Your job is to copy the data that follows exactly, every line included.
=== Data shown ===
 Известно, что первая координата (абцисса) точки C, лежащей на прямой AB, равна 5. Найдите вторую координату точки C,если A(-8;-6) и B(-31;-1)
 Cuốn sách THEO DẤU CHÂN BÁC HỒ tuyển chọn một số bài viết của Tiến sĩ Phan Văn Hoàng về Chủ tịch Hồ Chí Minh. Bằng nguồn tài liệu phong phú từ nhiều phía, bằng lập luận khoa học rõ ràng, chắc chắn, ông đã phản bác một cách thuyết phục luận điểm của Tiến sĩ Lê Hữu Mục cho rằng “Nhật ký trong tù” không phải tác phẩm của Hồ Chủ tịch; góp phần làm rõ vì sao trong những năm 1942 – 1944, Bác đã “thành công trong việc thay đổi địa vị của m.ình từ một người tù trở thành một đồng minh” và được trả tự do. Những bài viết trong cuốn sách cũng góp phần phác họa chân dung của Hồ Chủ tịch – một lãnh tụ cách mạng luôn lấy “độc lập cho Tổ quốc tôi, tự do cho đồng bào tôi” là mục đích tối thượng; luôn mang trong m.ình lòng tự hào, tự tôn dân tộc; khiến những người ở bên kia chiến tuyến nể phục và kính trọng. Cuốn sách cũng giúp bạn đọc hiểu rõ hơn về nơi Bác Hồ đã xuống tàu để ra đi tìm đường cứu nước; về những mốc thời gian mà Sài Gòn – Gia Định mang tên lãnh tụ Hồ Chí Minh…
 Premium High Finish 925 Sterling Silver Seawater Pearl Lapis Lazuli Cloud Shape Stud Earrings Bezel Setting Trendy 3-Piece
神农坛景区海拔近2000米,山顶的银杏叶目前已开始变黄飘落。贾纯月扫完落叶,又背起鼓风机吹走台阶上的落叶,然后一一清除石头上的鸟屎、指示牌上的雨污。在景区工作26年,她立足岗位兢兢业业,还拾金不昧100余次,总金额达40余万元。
===
* **Response for this exercise**:
 Известно, что первая координата (абцисса) точки C, лежащей на прямой AB, равна 5. Найдите вторую координату точки C,если A(-8;-6) и B(-31;-1)
 Cuốn sách THEO DẤU CHÂN BÁC HỒ tuyển chọn một số bài viết của Tiến sĩ Phan Văn Hoàng về Chủ tịch Hồ Chí Minh. Bằng nguồn tài liệu phong phú từ nhiều phía, bằng lập luận khoa học rõ ràng, chắc chắn, ông đã phản bác một cách thuyết phục luận điểm của Tiến sĩ Lê Hữu Mục cho rằng “Nhật ký trong tù” không phải tác phẩm của Hồ Chủ tịch; góp phần làm rõ vì sao trong những năm 1942 – 1944, Bác đã “thành công trong việc thay đổi địa vị của m.ình từ một người tù trở thành một đồng minh” và được trả tự do. Những bài viết trong cuốn sách cũng góp phần phác họa chân dung của Hồ Chủ tịch – một lãnh tụ cách mạng luôn lấy “độc lập cho Tổ quốc tôi, tự do cho đồng bào tôi” là mục đích tối thượng; luôn mang trong m.ình lòng tự hào, tự tôn dân tộc; khiến những người ở bên kia chiến tuyến nể phục và kính trọng. Cuốn sách cũng giúp bạn đọc hiểu rõ hơn về nơi Bác Hồ đã xuống tàu để ra đi tìm đường cứu nước; về những mốc thời gian mà Sài Gòn – Gia Định mang tên lãnh tụ Hồ Chí Minh…
 Premium High Finish 925 Sterling Silver Seawater Pearl Lapis Lazuli Cloud Shape Stud Earrings Bezel Setting Trendy 3-Piece
神农坛景区海拔近2000米,山顶的银杏叶目前已开始变黄飘落。贾纯月扫完落叶,又背起鼓风机吹走台阶上的落叶,然后一一清除石头上的鸟屎、指示牌上的雨污。在景区工作26年,她立足岗位兢兢业业,还拾金不昧100余次,总金额达40余万元。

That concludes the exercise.